***** Provided data *****
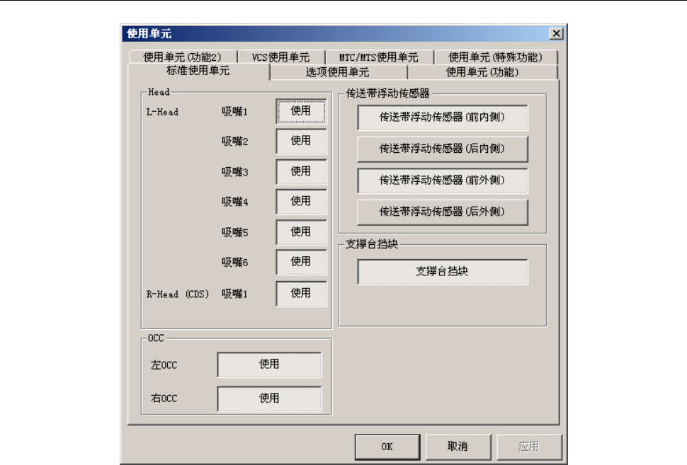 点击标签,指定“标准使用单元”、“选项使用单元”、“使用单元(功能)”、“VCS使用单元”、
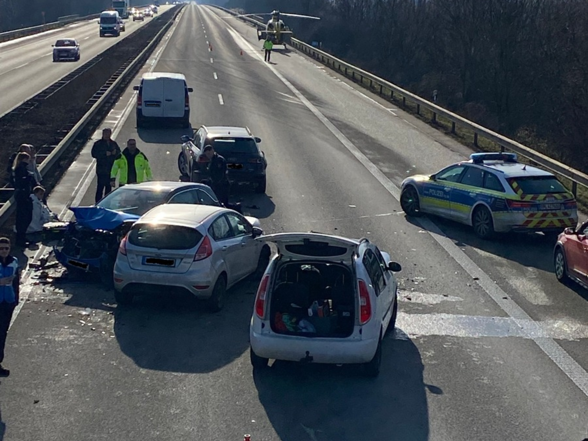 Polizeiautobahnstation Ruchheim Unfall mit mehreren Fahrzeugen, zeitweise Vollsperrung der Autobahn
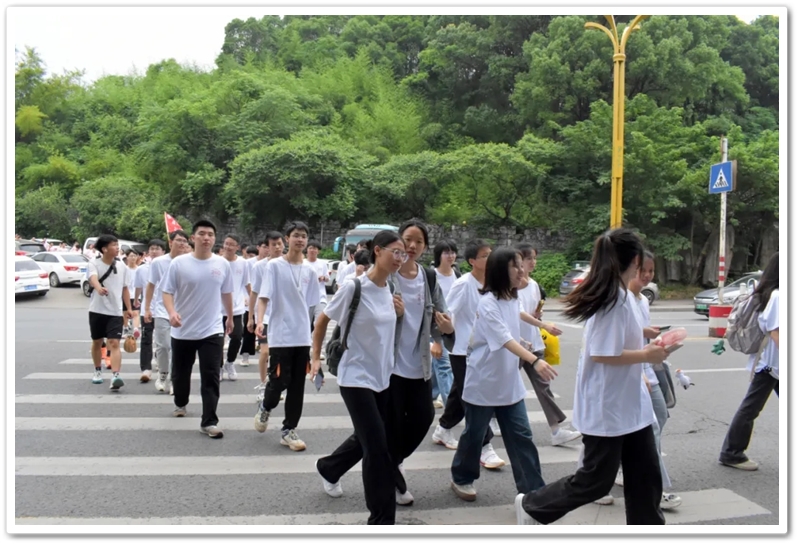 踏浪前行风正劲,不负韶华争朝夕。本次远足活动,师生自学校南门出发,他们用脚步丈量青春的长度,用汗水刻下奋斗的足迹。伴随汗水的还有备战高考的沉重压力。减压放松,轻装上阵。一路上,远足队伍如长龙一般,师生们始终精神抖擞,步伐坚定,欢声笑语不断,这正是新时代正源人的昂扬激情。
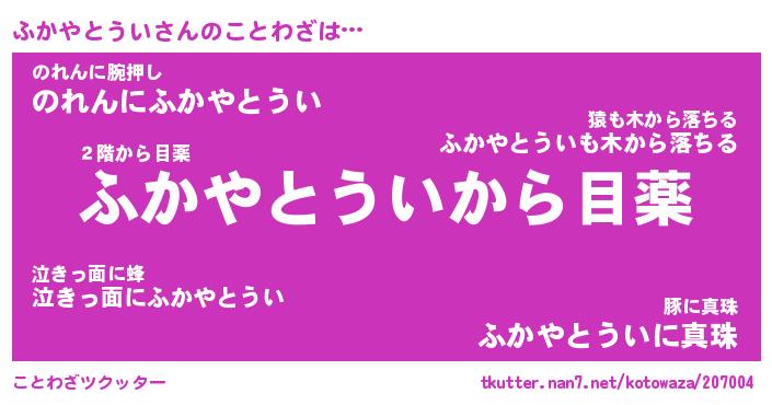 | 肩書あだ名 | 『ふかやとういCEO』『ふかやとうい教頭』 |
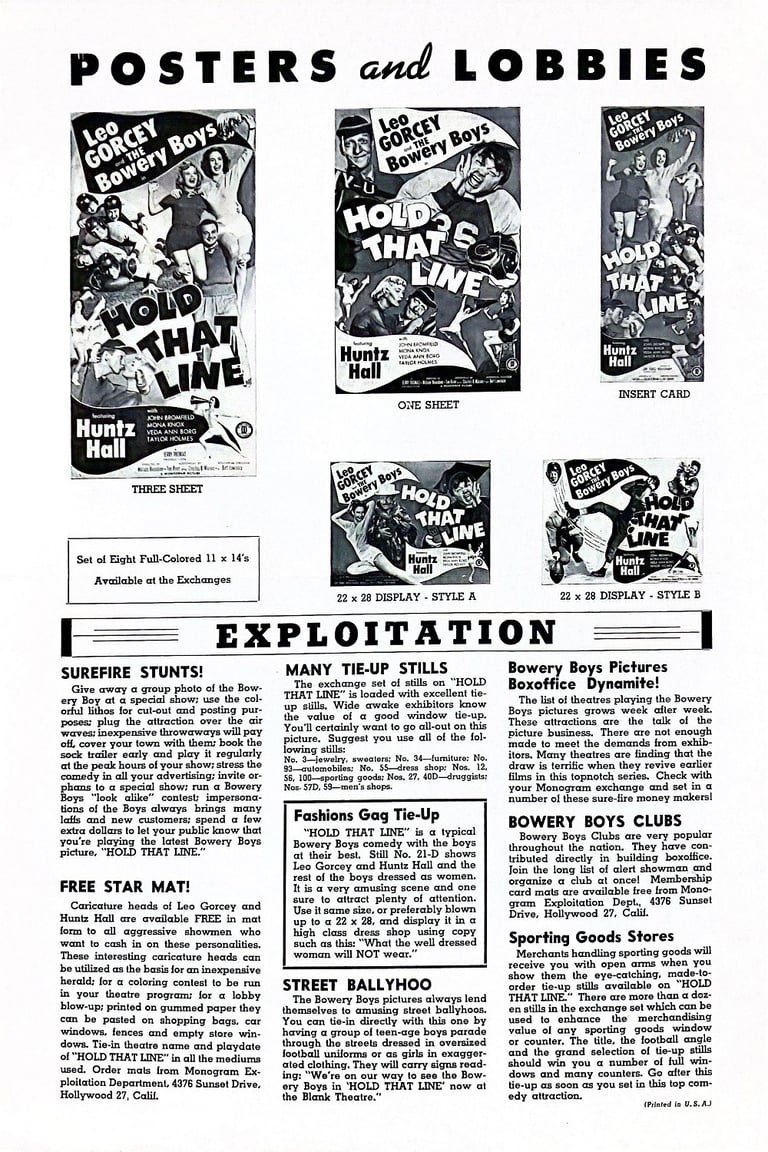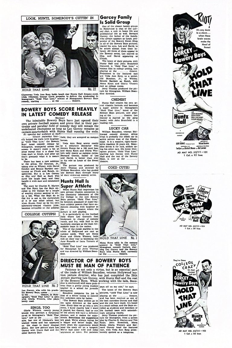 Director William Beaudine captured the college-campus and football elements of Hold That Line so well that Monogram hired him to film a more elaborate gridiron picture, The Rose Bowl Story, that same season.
*****
***** Provided data *****
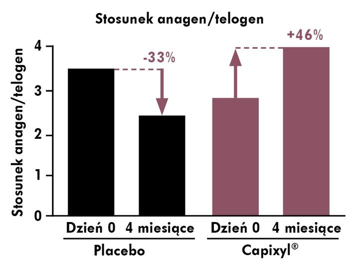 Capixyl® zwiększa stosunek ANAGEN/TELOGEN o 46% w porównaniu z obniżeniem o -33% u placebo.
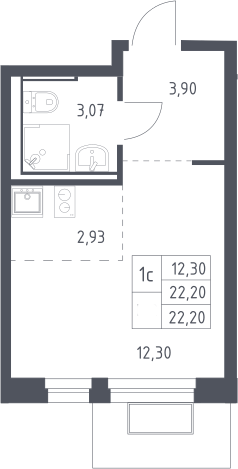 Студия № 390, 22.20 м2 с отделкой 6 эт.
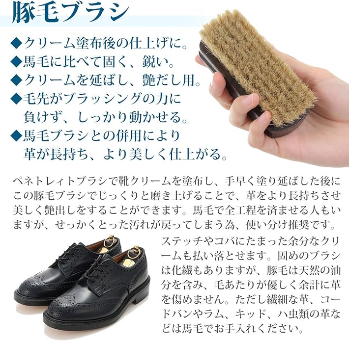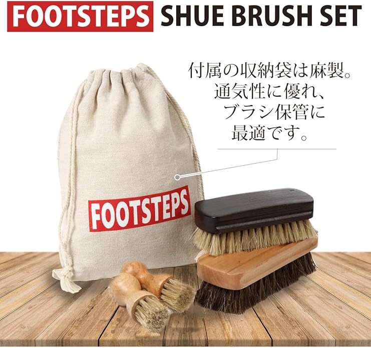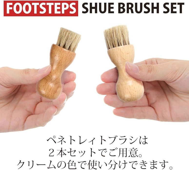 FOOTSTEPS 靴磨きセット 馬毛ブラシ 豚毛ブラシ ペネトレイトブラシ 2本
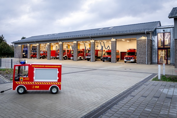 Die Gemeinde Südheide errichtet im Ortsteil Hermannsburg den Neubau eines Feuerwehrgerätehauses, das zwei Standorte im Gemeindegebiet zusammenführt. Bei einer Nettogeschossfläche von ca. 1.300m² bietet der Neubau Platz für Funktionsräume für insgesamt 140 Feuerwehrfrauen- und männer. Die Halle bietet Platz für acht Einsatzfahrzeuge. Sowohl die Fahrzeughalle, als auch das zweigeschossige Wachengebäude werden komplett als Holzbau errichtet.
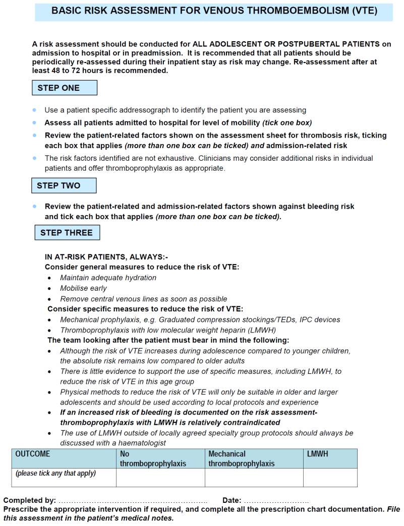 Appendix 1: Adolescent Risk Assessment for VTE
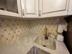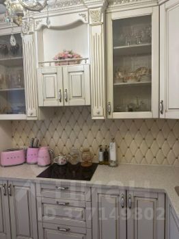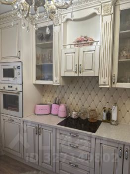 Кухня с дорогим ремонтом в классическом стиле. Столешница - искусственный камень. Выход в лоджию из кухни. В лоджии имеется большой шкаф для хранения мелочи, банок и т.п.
*****
***** Provided data *****
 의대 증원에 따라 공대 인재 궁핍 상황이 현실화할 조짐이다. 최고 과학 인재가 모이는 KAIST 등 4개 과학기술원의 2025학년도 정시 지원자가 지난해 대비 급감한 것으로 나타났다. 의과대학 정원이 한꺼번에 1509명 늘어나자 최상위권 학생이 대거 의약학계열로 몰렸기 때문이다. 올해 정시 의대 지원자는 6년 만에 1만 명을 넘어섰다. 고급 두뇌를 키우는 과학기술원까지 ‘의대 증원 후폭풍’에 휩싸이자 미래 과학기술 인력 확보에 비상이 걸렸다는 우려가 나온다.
*****
Copy exactly the lines of the listing above between the one holding "Die Gemeinde Südheide" and the one holding "Appendix 1: Adolescent", inclusive; omit all pictures.

● Exercise result
 Die Gemeinde Südheide errichtet im Ortsteil Hermannsburg den Neubau eines Feuerwehrgerätehauses, das zwei Standorte im Gemeindegebiet zusammenführt. Bei einer Nettogeschossfläche von ca. 1.300m² bietet der Neubau Platz für Funktionsräume für insgesamt 140 Feuerwehrfrauen- und männer. Die Halle bietet Platz für acht Einsatzfahrzeuge. Sowohl die Fahrzeughalle, als auch das zweigeschossige Wachengebäude werden komplett als Holzbau errichtet.
 Appendix 1: Adolescent Risk Assessment for VTE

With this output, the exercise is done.